In any case, I think the above function should do what you were after.

1
votes

Power Query and Power BI are two different tools.

Power Query is designed to process data. It uses language called "m". For example, if you need to import and merge files, fix bad data, etc - that's what you use.

Power BI is designed to analyze data. It uses language called "DAX". Most of the time, Power BI/DAX are useful to design interactive analytics - reports that respond to slicers, filters, etc.

Some people use DAX to enhance their data instead of Power Query - like adding a calculated column. Personally, I think it's a bad idea, but perhaps Power Query/m is too non-intuitive for them and DAX is easier. I will explain how to add a calculated column using DAX. If for some reason you prefer Power Query, please mention that in your question.

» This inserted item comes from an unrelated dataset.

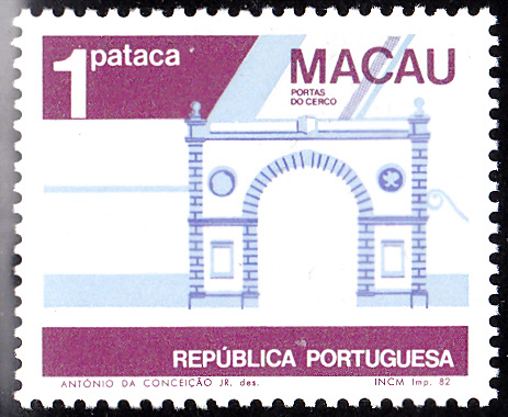 Die Marke zu 1 Pataka zeigt das 1849 erbaute Grenztor "Portas do Cerco", das Macau vom chinesischen Festland trennte. Hier zeige ich wieder eine Marke der ersten Auflage (MiNr 488 I) mit dem Druckvermerk "INCM Imp. 82" am rechten unteren Markenrand: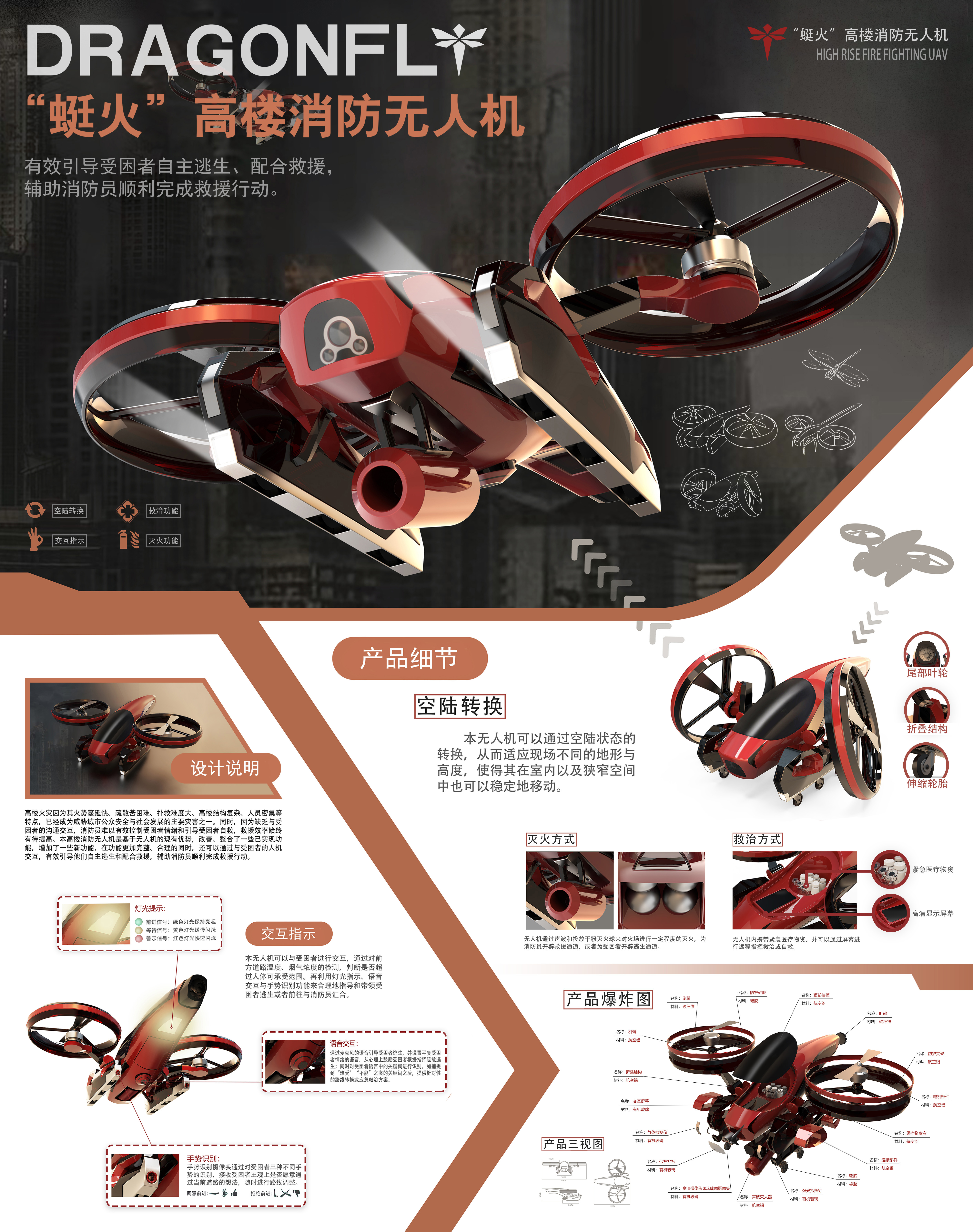 高楼火灾因为其火势蔓延快、疏散苦困难、扑救难度大、高楼结构复杂、人员密集等特点,成为威胁城市公众安全与社会发展的主要灾害之一。同时,因为缺乏与受困者的沟通交互,消防员难以有效控制受困者情绪和引导受困者自救,救援效率始终有待提高。本产品是基于无人机的现有优势,改善、整合并增加了不同功能,在功能更完整、合理的同时还可以通过与受困者的人机交互,有效引导他们自主逃生和配合救援,辅助消防员顺利完成救援行动。

First, you must be in a main Power BI window, not in a Power Query window. Go to your data model, and select your table. On tab "model", click "add column". Enter DAX formula:

Last Date = 
  VAR Current_Date = Table1[Date]
  VAR Current_Name = Table1[Name]
RETURN
  CALCULATE( MAX(Table1[Date]), 
             Table1[Date] < Current_Date,
             Table1[Name] = Current_Name )

The formula will generate a new column with the previous date for each Name.

How it works:

  • When calculating the column, Power BI iterates the table record by record. For each record, we store its date in a variable "Current_Date", and its name in "Current_Name";
  • Then, we need to find a date that is: a) smaller than the current_date, and b) only for the current names. This is accomplished by calculating MAX date with 2 filters: date must be < then Current_Date, and name must be = Current_Name.

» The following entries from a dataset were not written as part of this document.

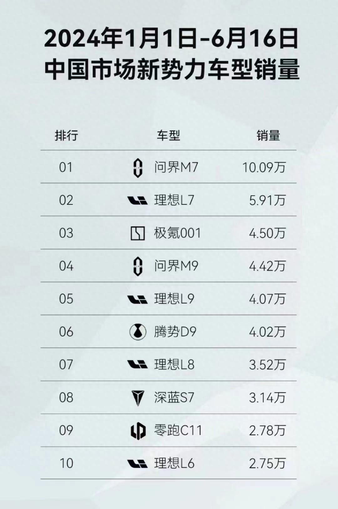 最近,國產(chǎn)中高端新能源車型,今年1月1日-6月16日的銷量匯總曝光,涉及蔚小理等新勢力,極氪、深藍(lán)、騰勢等“創(chuàng)二代”,及華為跨界賦能的問界等品牌車型,榜單的前十名,還是相當(dāng)有看點(diǎn)的。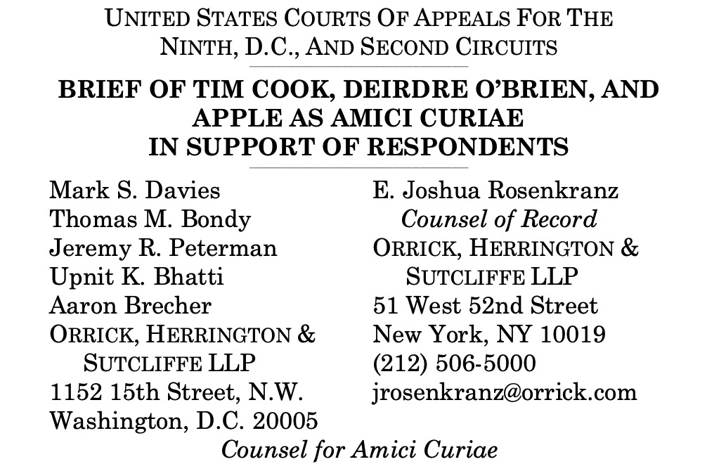Oba dva tito představitelé kalifornského giganta byli v rámci projednávání na pozici přátel soudu. To znamená, že soud nemohli nijak ovlivnit, avšak mohli mu sdělit své myšlenky a názor na věc. V roce 2017 Apple zaměstnával 250 snílků – z anglického slova Dreamers, tj. lidé na území Spojených států díky programu DACA. U soudu se nechal Apple slyšet, že momentálně se tohle číslo zvýšilo na 443 snílků, napříč 36 státy po celých Spojených státech. Všichni tito snílci, kteří jsou v Applu zaměstnaní, pochází z 25 různých zemích z celého světa.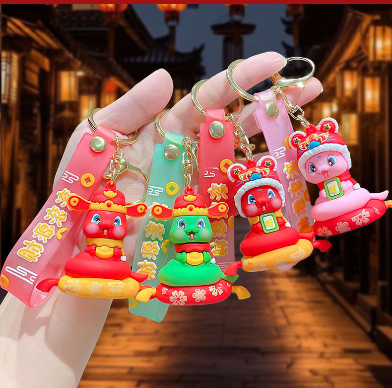 만화 국가 조수 돈 롤링 새해 인형 키 체인 작은 펜던트 귀여운 스쿨 백 키 체인 뱀 작은 선물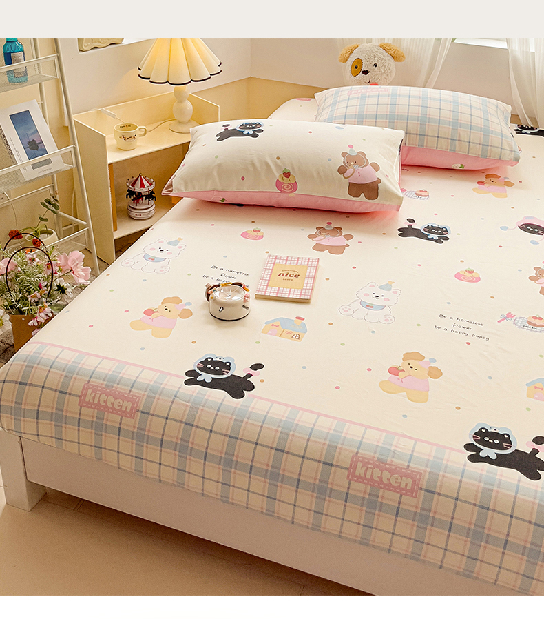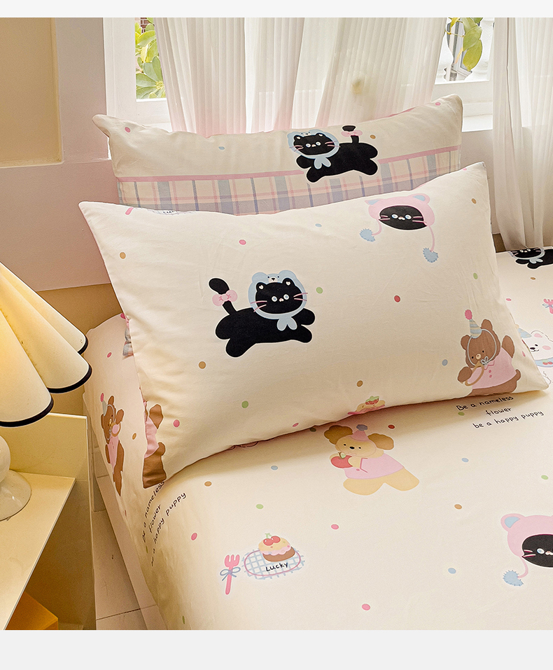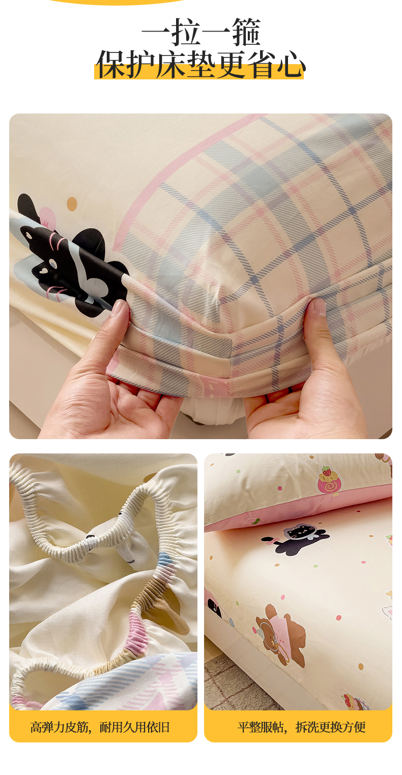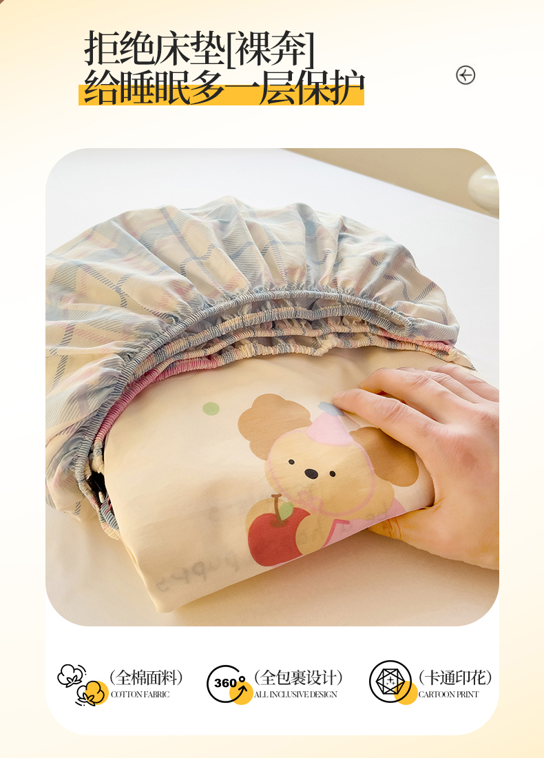 • 91家纺网 家纺一手货源 找家纺 名兮家居 2025新款13372全棉印花四件套单品系列-单床笠 可爱喵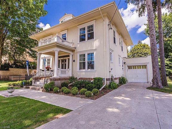 Prestigious Old North Georgian style 2 storey designed by noted architect William Murray for John Lindsay in 1928. This stucco home features portico entrance with fluted Corinthian columns which are echoed on the living room fireplace, extra wide soffits, arched dormer and balcony posts with urn trim. Enter into a tremendously generous foyer which welcomes you into this remarkable centre hall plan with inverted tray ceiling in both the living room and the dining room, main floor sunroom and updated kitchen with butler's pantry, private den with access to the rear yard and separate laundry porch. All windows have been replaced to maintain the original design, and the list goes on. Enjoy your tour through this exceptional home and the lovely property with several outdoor features including soothing fountain. ideal for entertaining or simply enjoying the peace and quiet of the rear yard oasis. A rare find in the heart of London which is exceptionally presented.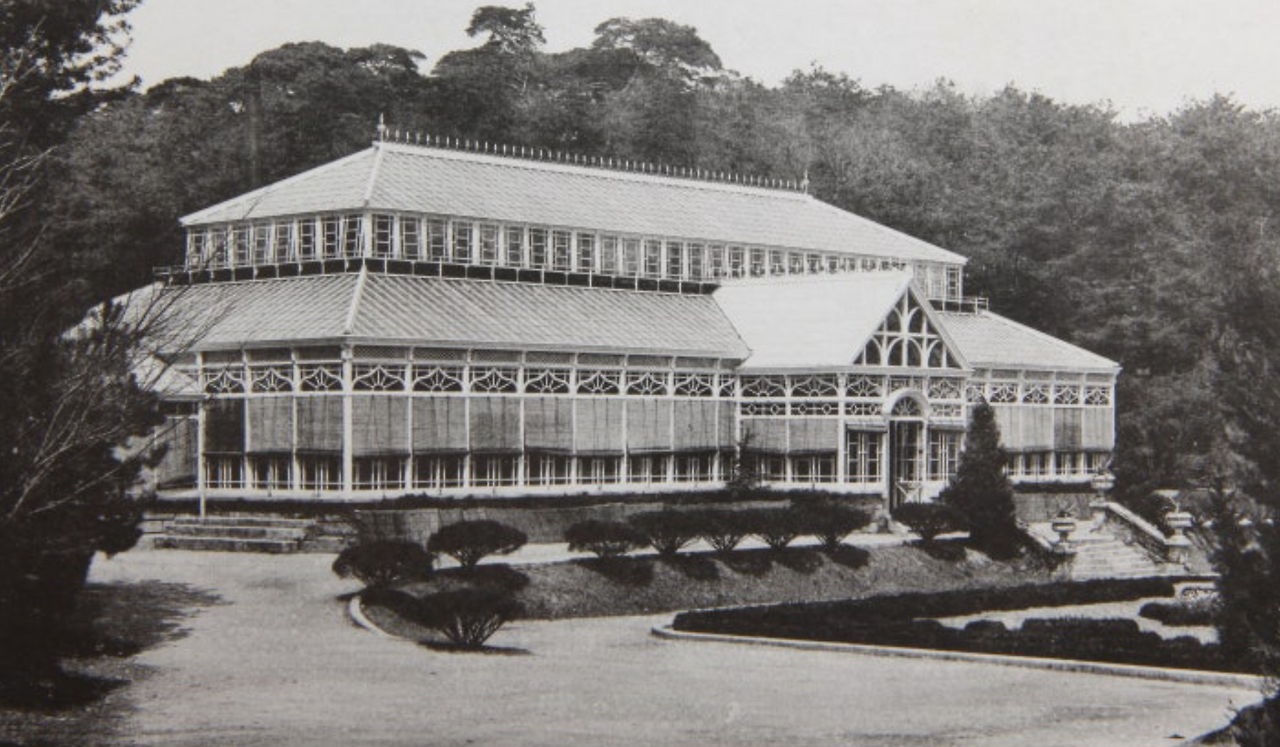후쿠다는 대온실과 1909년 11월에 동식물을 완공한 기념으로 신주쿠 교엔레서 기른 60여종의 난꽃을 홀 전체에 장식---.

For example, for name "B", first highlight: it will first filter the table leaving only records where name = "B" (3 records). Then, it will further filter these 3 records to find dates < 11/08/2019, which is one record: 5/07/2019.

As a side note, I recommend to read at least one good book on Power BI/DAX, or take an online training class. This tool is not simple, and you will waste a lot of time if you try to learn it by trial and error.

0
votes

After being directed to the right direction by RADO, I searched a couple more similar Power Query cases using M language and built-in GUI, I have found a way to solve my question.

1) firstly sort my table ascending in the following orders: Name, Date;

2) add two index columns, one starts with 0 and the other starts with 1, and then merge the table itself matching index column 0 with index column 1;

3) expand the merged columns [Name.1] and [Date.1], and then add a custom column called "Last Date" with the following if function

if [Name]=[Name.1] then [Date.1] else null

4) Remove other columns just leave [Name], [Date] and [Last Date] column.

The above method is a bit tedious if I have a few tables that need the same operation. If anyone can provide a 'Custom Function' solution using a single query which can be applied to other tables that will be greatly appreciated!